### DATA FOR REVIEW
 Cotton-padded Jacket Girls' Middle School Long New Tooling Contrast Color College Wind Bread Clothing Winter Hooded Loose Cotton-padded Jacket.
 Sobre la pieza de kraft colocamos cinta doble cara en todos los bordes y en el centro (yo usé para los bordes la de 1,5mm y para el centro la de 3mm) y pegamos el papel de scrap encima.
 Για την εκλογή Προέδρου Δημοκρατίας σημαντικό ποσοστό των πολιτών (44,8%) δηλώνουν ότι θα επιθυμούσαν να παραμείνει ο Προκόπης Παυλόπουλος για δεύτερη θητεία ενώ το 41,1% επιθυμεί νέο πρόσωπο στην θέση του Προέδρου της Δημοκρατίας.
* * *
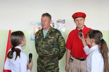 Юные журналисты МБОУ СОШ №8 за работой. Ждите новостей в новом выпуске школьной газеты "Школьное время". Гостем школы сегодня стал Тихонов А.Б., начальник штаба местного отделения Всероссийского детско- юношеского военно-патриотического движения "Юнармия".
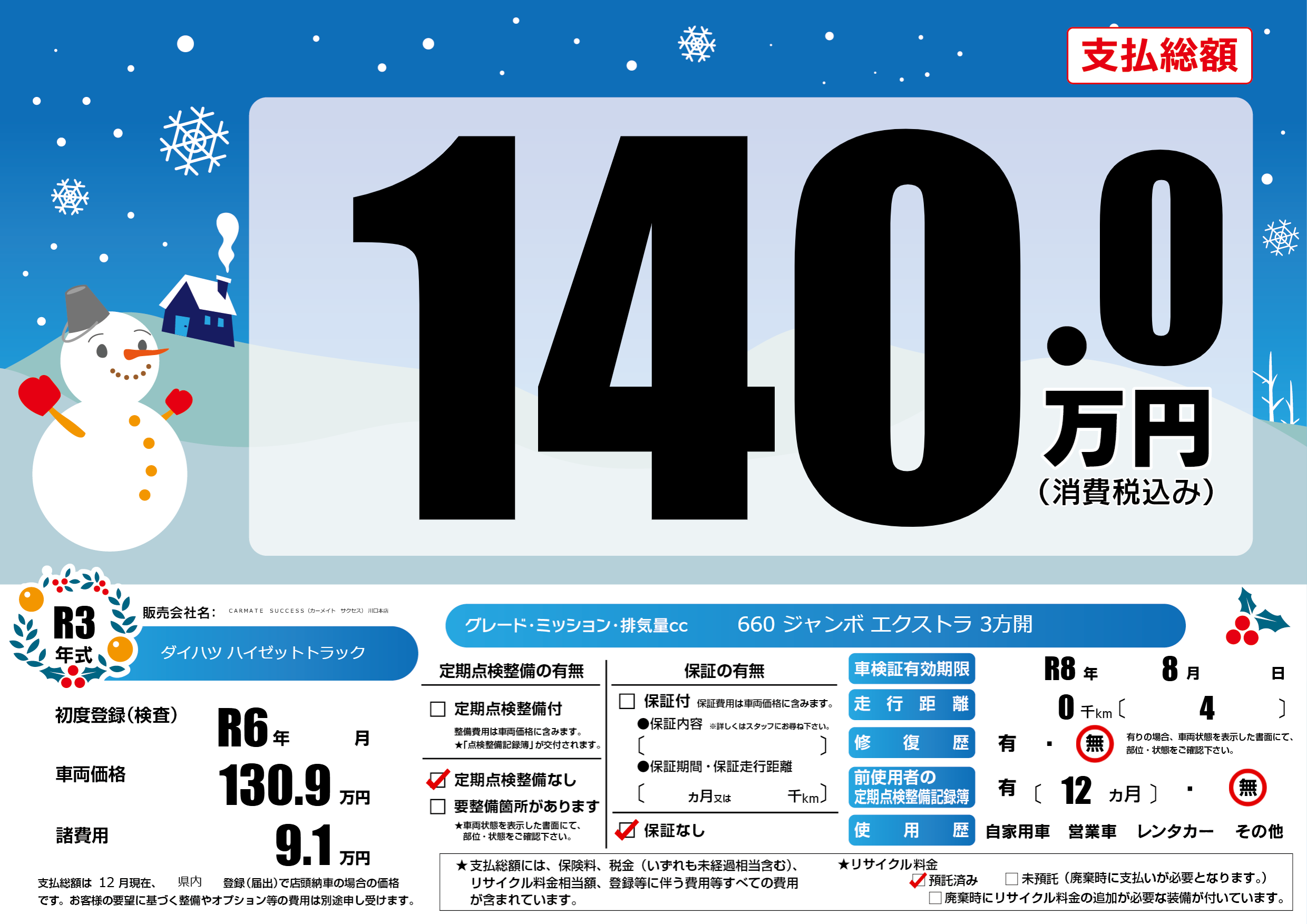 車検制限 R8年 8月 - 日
---
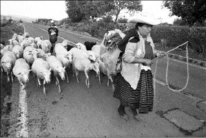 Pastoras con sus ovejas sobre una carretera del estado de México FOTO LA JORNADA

### TASK REQUIREMENTS
Look through the material above and print exactly the lines from the one containing "Sobre la pieza" to the one containing "Για την εκλογή", both included, and nothing more.

### COMPLETED EXERCISE
 Sobre la pieza de kraft colocamos cinta doble cara en todos los bordes y en el centro (yo usé para los bordes la de 1,5mm y para el centro la de 3mm) y pegamos el papel de scrap encima.
 Για την εκλογή Προέδρου Δημοκρατίας σημαντικό ποσοστό των πολιτών (44,8%) δηλώνουν ότι θα επιθυμούσαν να παραμείνει ο Προκόπης Παυλόπουλος για δεύτερη θητεία ενώ το 41,1% επιθυμεί νέο πρόσωπο στην θέση του Προέδρου της Δημοκρατίας.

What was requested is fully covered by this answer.